Brief: Exactly the lines from the beginning of the records below through the line with "Men’s American tie-dye" must be given again, without pictures.

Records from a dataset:

────

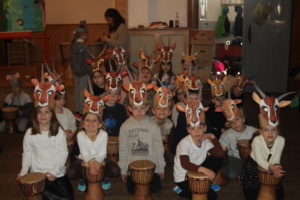 Eine Woche waren die Kinder der Grundschule im Trommelfieber, tauchten in die Geschichte des Trommelzauberdorfes Tamborena ein und erlernten unter Anleitung vom begeisternden und liebevollen Trommler Otto vom Trommelzauber die verschiedenen Trommelrhythmen, Lieder und Tänze. Der Start in den Tag begann mit einer gemeinsamen Trommelzeit der ganzen Schule. Im Verlauf des Vormittags hatte dann jede Klasse noch eine eigene Trommelzeit. Immer stand das gemeinsame Erlebnis im Mittelpunkt. Durch Zuhören und aufeinander achten entstand ein gemeinsamer Rhythmus in vielfältigen Liedern und Tänzen.
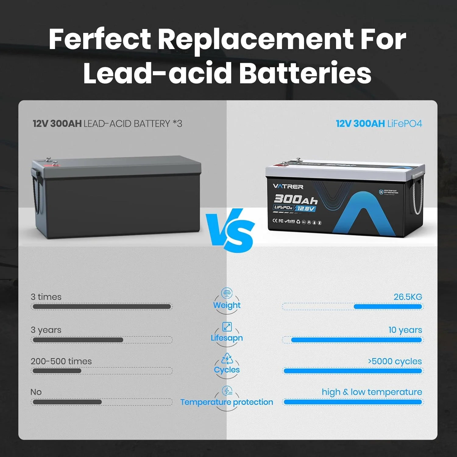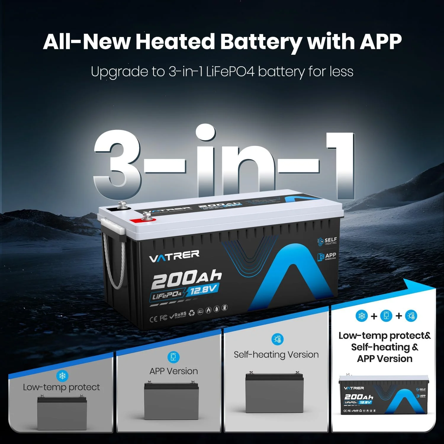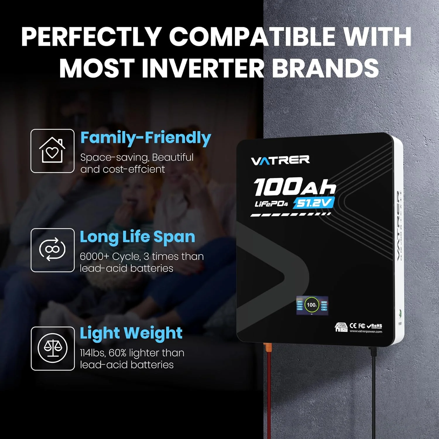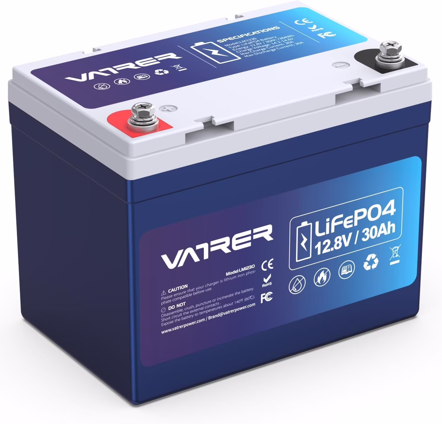 VATRER POWER 12V 100AH Low Temp Cutoff LiFePO4 Deep Cycle Battery with 1280W, Built - in 100A BMS, 5000+ Cycles Rechargeable Lithium Battery, Perfect for RV/Camper, Marine, Solar
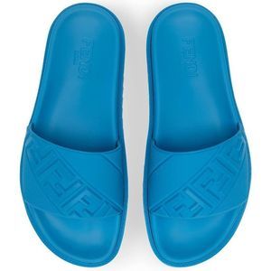 Textured Fendi motifs mark the straps of bright, bold sliders on razor-lug soles.
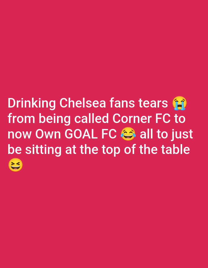 This digital graphic displays white text on a solid reddish-pink background. The text reads: "Drinking Chelsea fans tears 😭 from being called Corner FC to now Own GOAL FC 😂 all to just be sitting at the top of the table 😝". Three emojis are embedded within the text: a crying face (😭), a face laughing with tears (😂), and a winking face with a tongue out (😝). The content expresses a sports-related commentary or taunt concerning Chelsea Football Club fans and their team's perceived performance and league position. No physical environment, individuals, or tangible objects are depicted; the scene is entirely digital. This digital message is observed in a context attributed to the city of Umudioka, Nigeria.
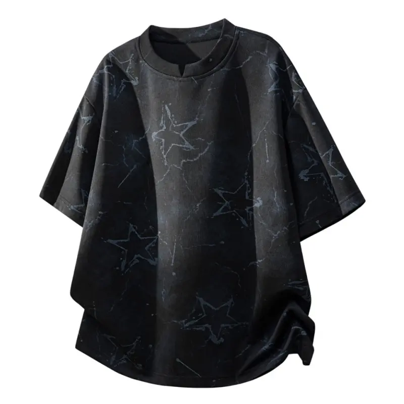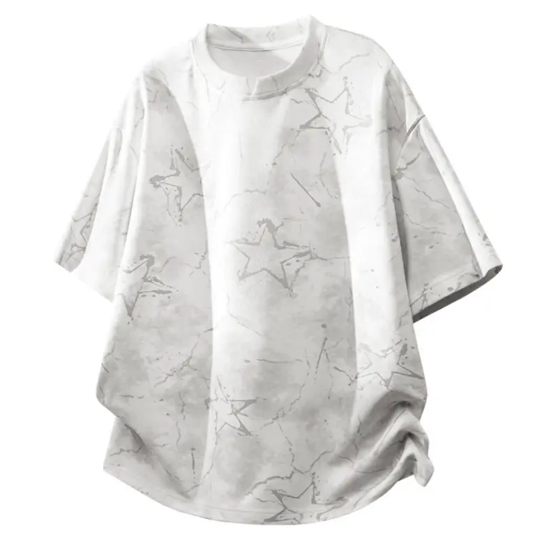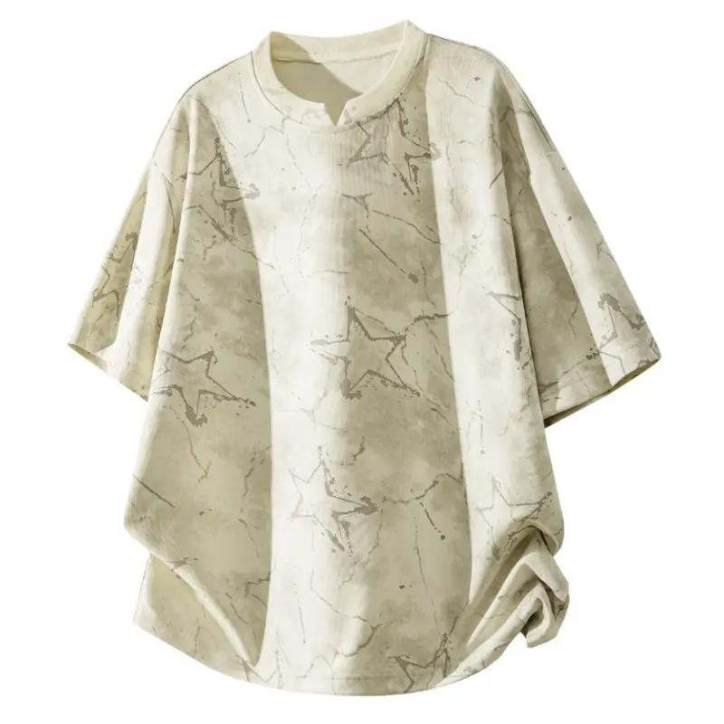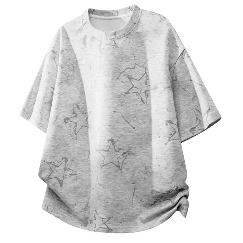 Men’s American tie-dye V-neck printed T-shirt with dropped shoulders and short sleeves; lightweight knit top for summer—breathable, trendy, versatile casual wear for everyday use and outdoor sports; Y2K style.
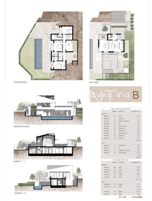 Île de Krk, Malinska – Villa de luxe avec une vue imprenable sur la mer, dans un complexe exclusif Sur l'île de Krk, dans le quartier calme de Malinska, se trouve une villa de luxe d'une superficie brute totale de 195 m², à seulement 1 km de la mer. La Villa II fait partie d'un complexe unique et s'étend sur deux étages, construite sur un terrain de 623 m², offrant une combinaison idéale de design moderne, de fonctionnalité et d'intimité. Rez-de-chaussée : – Deux chambres principales luxueusement équipées avec salles de bains privatives et accès direct à la terrasse. – Un espace de détente et de loisirs comprenant une salle de sport, une salle de jeux pour enfants et un espace spa avec sauna finlandais et coin de relaxation. – Équipements supplémentaires : WC extérieur, salle de bains, salle des machines et buanderie. Dernier étage : – Concept ouvert de cuisine, salle à manger et salon avec de grandes baies vitrées offrant une vue imprenable sur la baie de Kvarner. – WC supplémentaires et deux terrasses couvertes, dont la plus grande (43,14 m²) possède un escalier extérieur menant à la piscine au rez-de-chaussée. Extérieur impressionnant : Le jardin de la villa a été soigneusement aménagé pour offrir un maximum de plaisir en plein air. Il comprend une piscine de 37 m² avec solarium, une terrasse spacieuse avec coin barbecue et suffisamment d'espace pour socialiser et se détendre au soleil. Partie d'un complexe exclusif La villa est située dans un complexe fermé qui comprend cinq maisons de luxe, et les propriétaires ont à leur disposition des installations communes : – Terrain de tennis – Terrain de basket – Terrain de mini-golf – Salle de sport en plein air, – Parc pour enfants – Terrain de pétanque Informations Complémentaires: – Nombre d'étages : 2 - Nombre de salles de bains : 3 – Nombre de toilettes : 2 – Places de parking extérieures : 4 non couvertes – Orientation : sud – Objet : résidentiel – Certificat énergétique : en préparation – Toiture : tuiles – Sols : dalle en béton, revêtements de sol en céramique – Menuiserie extérieure : PVC avec vitrage triple – Équipements supplémentaires : piscine extérieure, terrasse, barbecue, débarras – Technologie : téléphone, Internet par fibre optique, vidéosurveillance, système d'alarme – Documentation : permis de construire et titre de propriété La villa est située à seulement 1 000 mètres de la mer, idéalement située pour profiter de la paix et de l'intimité, tout en permettant un accès rapide à toutes les commodités nécessaires à un style de vie luxueux. Cette villa représente un investissement idéal pour des vacances ou une maison familiale, offrant une combinaison de sophistication, de confort et de beauté naturelle de l'île de Krk.
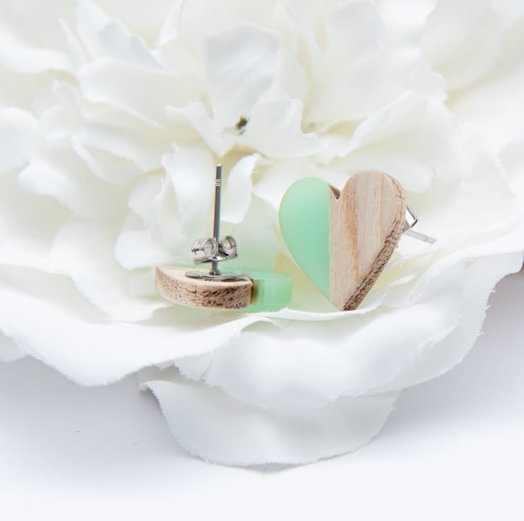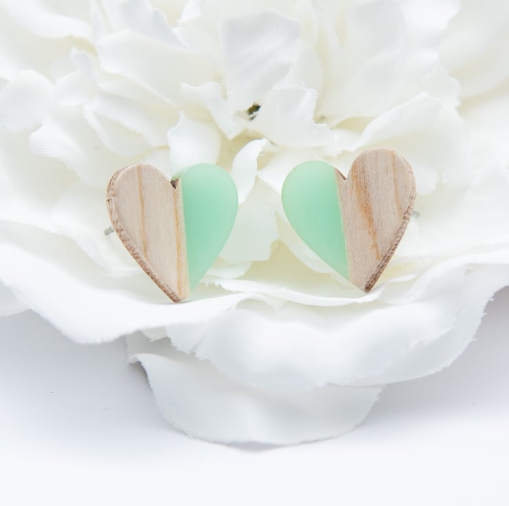 Sweet, heart-shaped stud earrings with spliced pale wood and turquoise resin. These earrings are just so adorable and will brighten up any outfit.
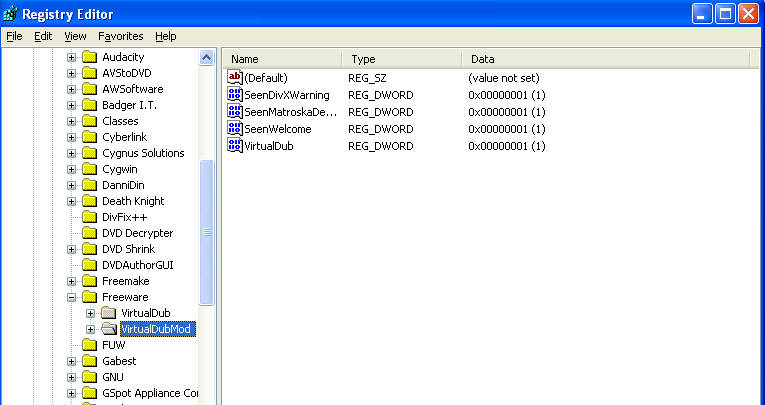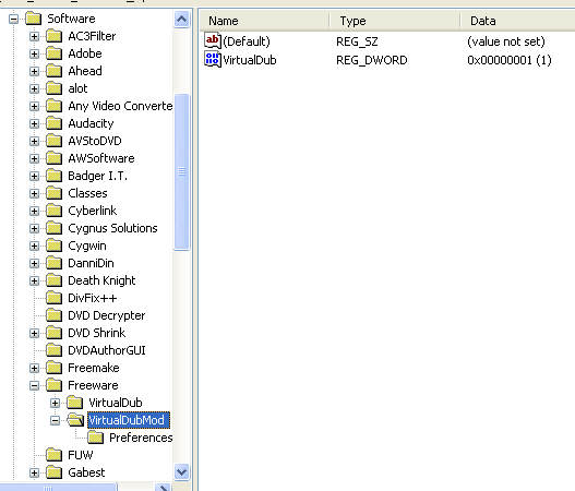 HKEY_CURRENT_USER/Software/Freeware/VirtualDubMod -
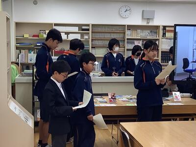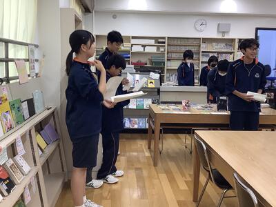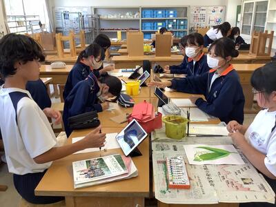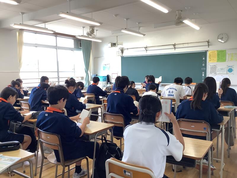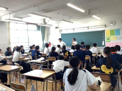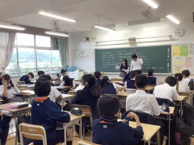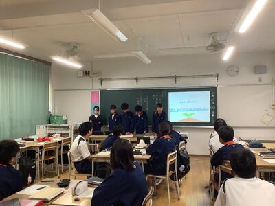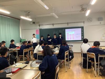2年生の授業です。魅力的な提案の方法について学ぶことを目標に、班ごとに全体に向けてプレゼンテーションが行われました。まず、①アンケートをとり、②それをもとに資料を作成した上で、③練習を行い提案となりました。限られた準備時間の中で、提案までもってくることは大変だったと思いますが、どの班もしっかり仕上げていました。
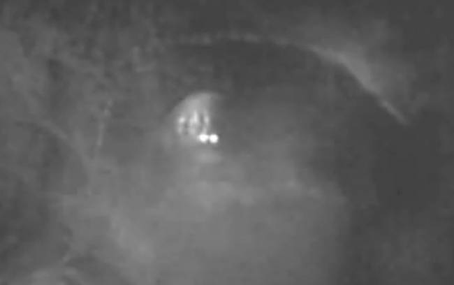 Существо на видео обладает маленькими, но ярко горящими в ночи глазами
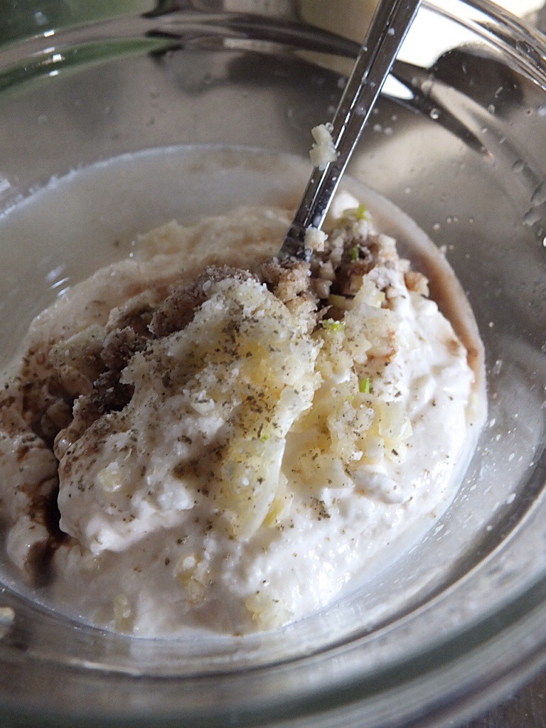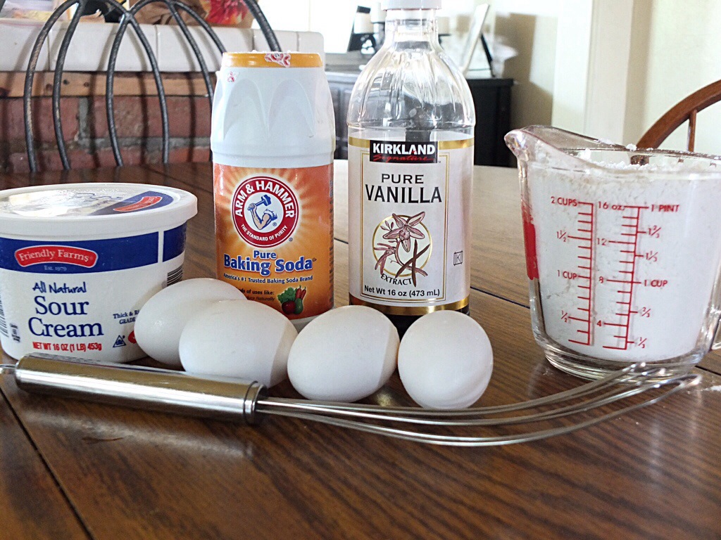 Then just dump in the whole 1 lb container of sour cream, along with a good splash of vanilla extract.

────

Your response:
 Eine Woche waren die Kinder der Grundschule im Trommelfieber, tauchten in die Geschichte des Trommelzauberdorfes Tamborena ein und erlernten unter Anleitung vom begeisternden und liebevollen Trommler Otto vom Trommelzauber die verschiedenen Trommelrhythmen, Lieder und Tänze. Der Start in den Tag begann mit einer gemeinsamen Trommelzeit der ganzen Schule. Im Verlauf des Vormittags hatte dann jede Klasse noch eine eigene Trommelzeit. Immer stand das gemeinsame Erlebnis im Mittelpunkt. Durch Zuhören und aufeinander achten entstand ein gemeinsamer Rhythmus in vielfältigen Liedern und Tänzen.
 VATRER POWER 12V 100AH Low Temp Cutoff LiFePO4 Deep Cycle Battery with 1280W, Built - in 100A BMS, 5000+ Cycles Rechargeable Lithium Battery, Perfect for RV/Camper, Marine, Solar
 Textured Fendi motifs mark the straps of bright, bold sliders on razor-lug soles.
 This digital graphic displays white text on a solid reddish-pink background. The text reads: "Drinking Chelsea fans tears 😭 from being called Corner FC to now Own GOAL FC 😂 all to just be sitting at the top of the table 😝". Three emojis are embedded within the text: a crying face (😭), a face laughing with tears (😂), and a winking face with a tongue out (😝). The content expresses a sports-related commentary or taunt concerning Chelsea Football Club fans and their team's perceived performance and league position. No physical environment, individuals, or tangible objects are depicted; the scene is entirely digital. This digital message is observed in a context attributed to the city of Umudioka, Nigeria.
 Men’s American tie-dye V-neck printed T-shirt with dropped shoulders and short sleeves; lightweight knit top for summer—breathable, trendy, versatile casual wear for everyday use and outdoor sports; Y2K style.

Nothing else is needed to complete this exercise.